The Supreme Court has dismissed an appeal brought by a rapist who claimed he had sex unknowingly with his victim while he was asleep.
A jury found Damin Peter Cook was not asleep when he raped an unconscious woman in 2019, who he had put in his bed after she passed out from alcohol at his Christchurch flat.
Cook did not deny having sex with the victim, but claimed it happened because of a condition known as sexsomnia, or sleep sex.
He was convicted of sexually violating and raping the woman in 2022 and sentenced to eight years imprisonment. In July last year, Cook appealed his conviction at the Supreme Court.
On Monday, the Supreme Court unanimously dismissed Cook’s appeal.
Its decision centred on whether the trial judge was correct to treat Cook’s defence as insane automatism, rather than the sane automatism defence Cook wanted to put forward.

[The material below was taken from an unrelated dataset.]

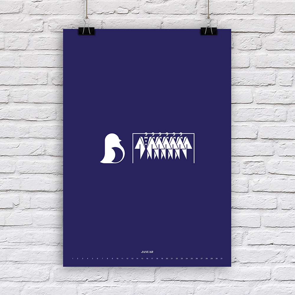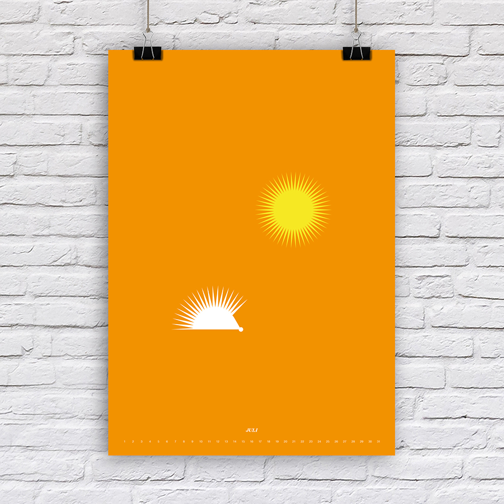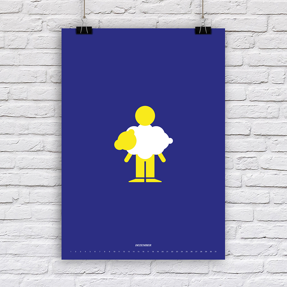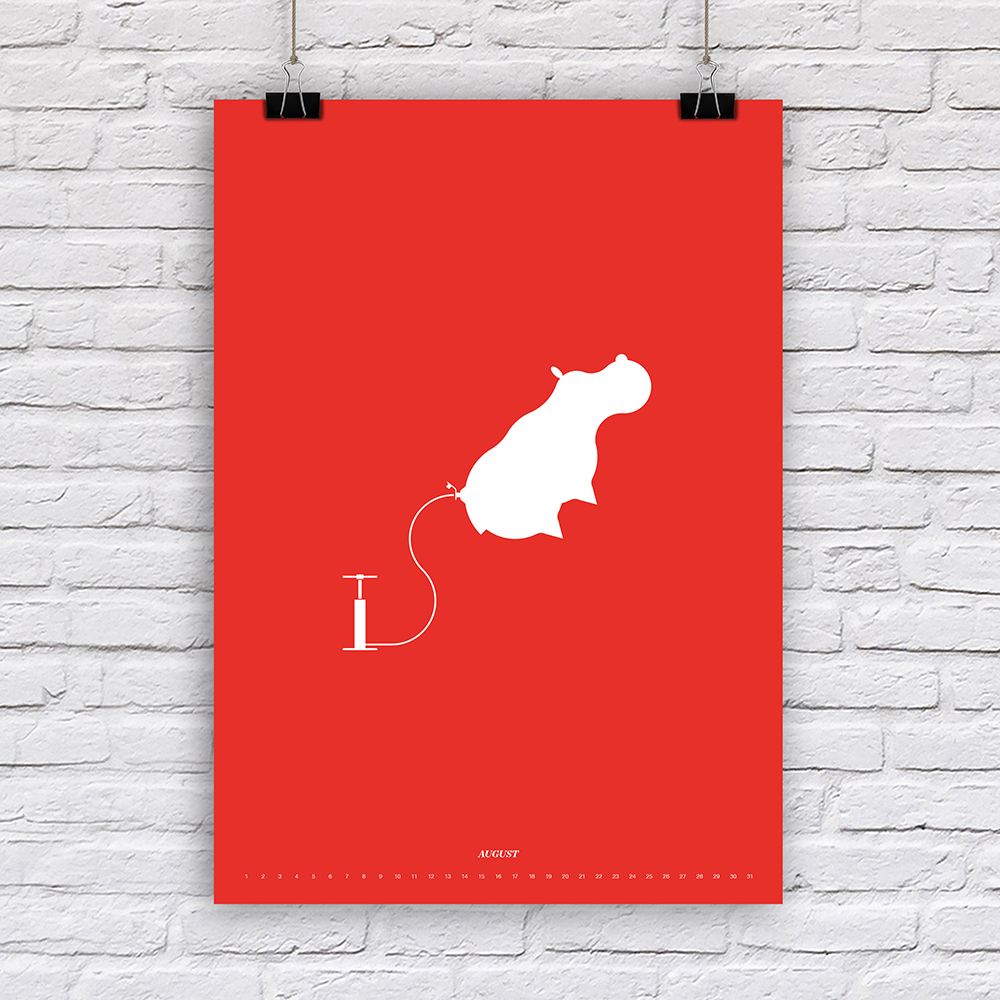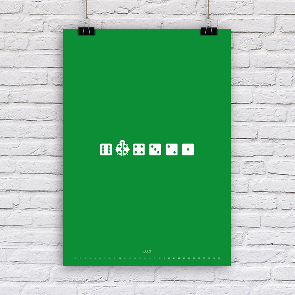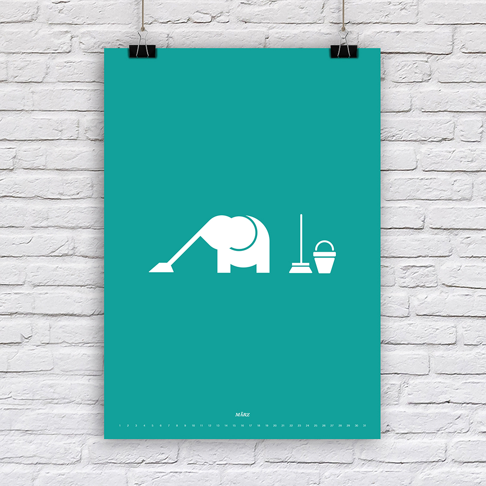 Der Designer Fabian Reber gestaltet auf eigenständige und kreative Art und Weise Kalender neu. Mit minimalistischer Form- und Farbgestaltung erzählt er kleine humoristische Geschichten, passend zum Monat. Die Monatsbilder sind nicht an ein bestimmtes Jahr gebunden, da die Tagesbezeichnungen weggelassen wurden

Typically, the difference was based on whether the cause of the condition was internal or external โ insane automatism was the result of a mental illness or a condition such as schizophrenia โ while sane automatism was when something else, such as concussion, was responsible.
“Counsel for Mr Cook submitted that sexsomnia, like other parasomnias, was properly classified as a form of sane automatism. It plainly involved a lack of conscious volition,” the Supreme Court said.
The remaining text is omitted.